Required action – Pictures are to be dropped, and only the lines from the one containing "菓子の物流センターでの出荷作業" through the end of the data below are to be reproduced as written.

Records shown –
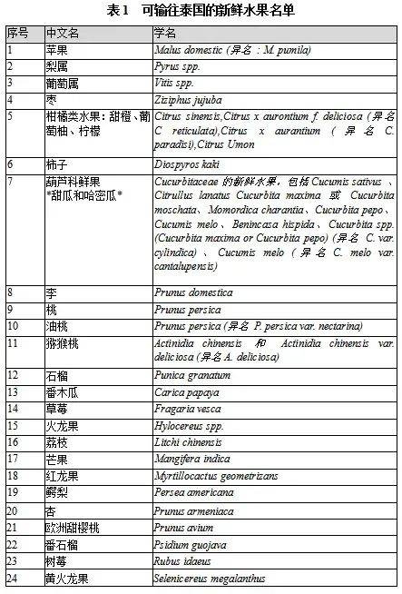我國可向泰國出口的水果種類是指泰國農業部網站(www.doa.go.th)所列出的新鮮水果,目前是24種類的水果,見表1,其中已經與泰國農業部交換果園和包裝廠注冊信息的水果包括蘋果、鮮梨、葡萄、棗、柑橘類水果(包括橙子、柚子、橘子、檸檬)、柿子、甜瓜和哈密、李子、桃(包括油桃)、獼猴桃、石榴12種水果。
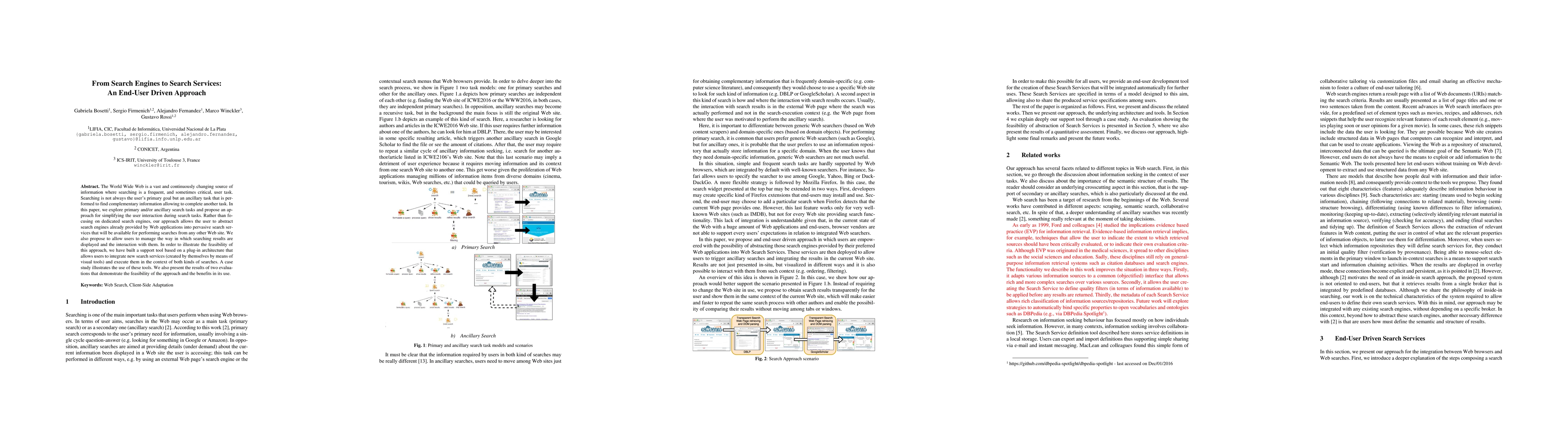 The World Wide Web is a vast and continuously changing source of information where searching is a frequent, and sometimes critical, user task. Searching is not always the user's primary goal but an ancillary task that is performed to find complementary information allowing to complete another task. In this paper, we explore primary and/or ancillary search tasks and propose an approach for simplifying the user interaction during search tasks. Rather than fo-cusing on dedicated search engines, our approach allows the user to abstract search engines already provided by Web applications into pervasive search services that will be available for performing searches from any other Web site. We also propose to allow users to manage the way in which searching results are displayed and the interaction with them. In order to illustrate the feasibility of this approach, we have built a support tool based on a plug-in architecture that allows users to integrate new search services (created by themselves by means of visual tools) and execute them in the context of both kinds of searches. A case study illustrates the use of these tools. We also present the results of two evaluations that demonstrate the feasibility of the approach and the benefits in its use.
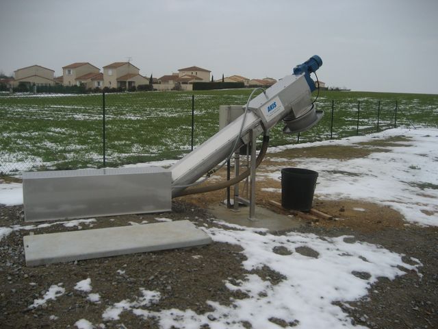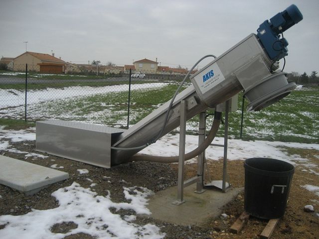 The effluent is filtered through the grid and the captured waste is unclogged by a brush on the edge of the spiral.
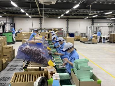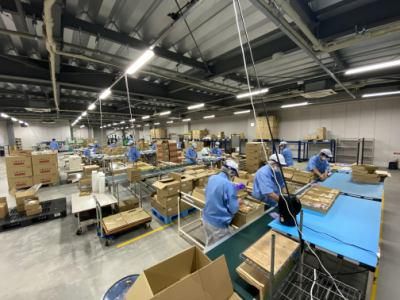 菓子の物流センターでの出荷作業
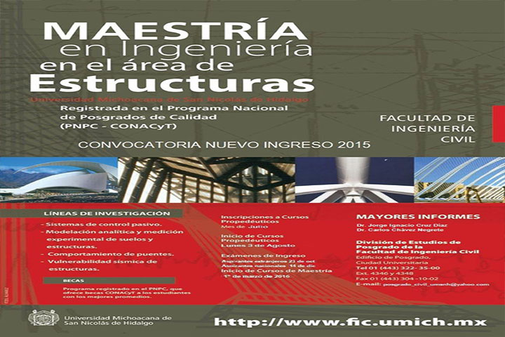 La Facultad de Ingeniería Civil, a través de su División de Estudios de Posgrado, de la Universidad Michoacana de San Nicolás de Hidalgo (UMSNH), se encuentra lista para recibir las solicitudes de ingreso de las personas que cuenten con estudios de licenciatura en Ingeniería Civil o área afín, interesadas en cursar el programa de Maestría en Ingeniería en el Área de Estructuras.
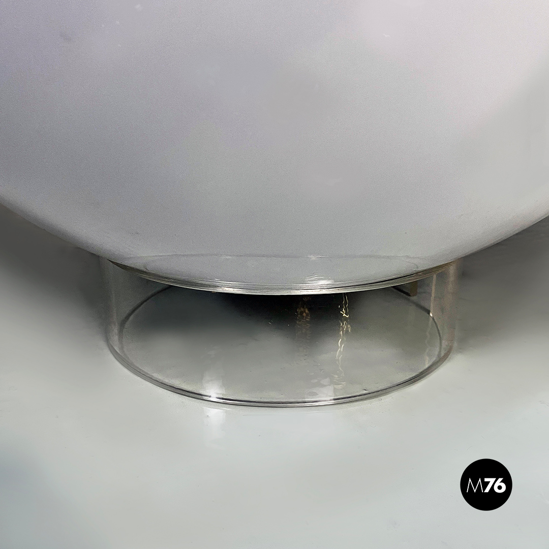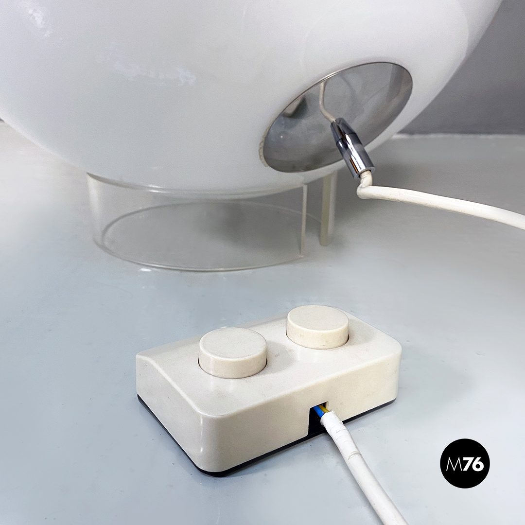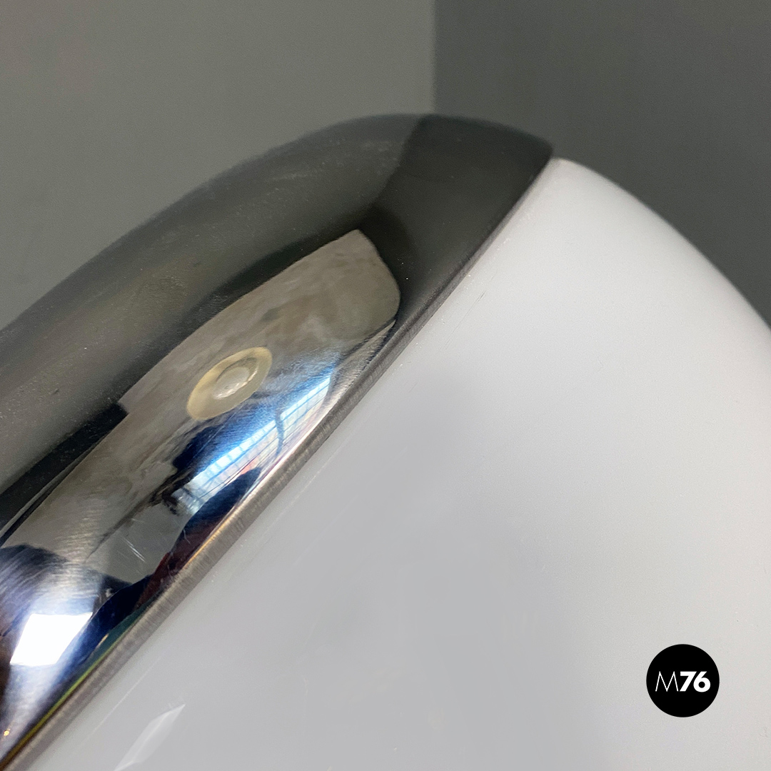 Lampada da tavolo orientabile in vetro opalino e metallo cromato.

Solution –
 菓子の物流センターでの出荷作業
 La Facultad de Ingeniería Civil, a través de su División de Estudios de Posgrado, de la Universidad Michoacana de San Nicolás de Hidalgo (UMSNH), se encuentra lista para recibir las solicitudes de ingreso de las personas que cuenten con estudios de licenciatura en Ingeniería Civil o área afín, interesadas en cursar el programa de Maestría en Ingeniería en el Área de Estructuras.
 Lampada da tavolo orientabile in vetro opalino e metallo cromato.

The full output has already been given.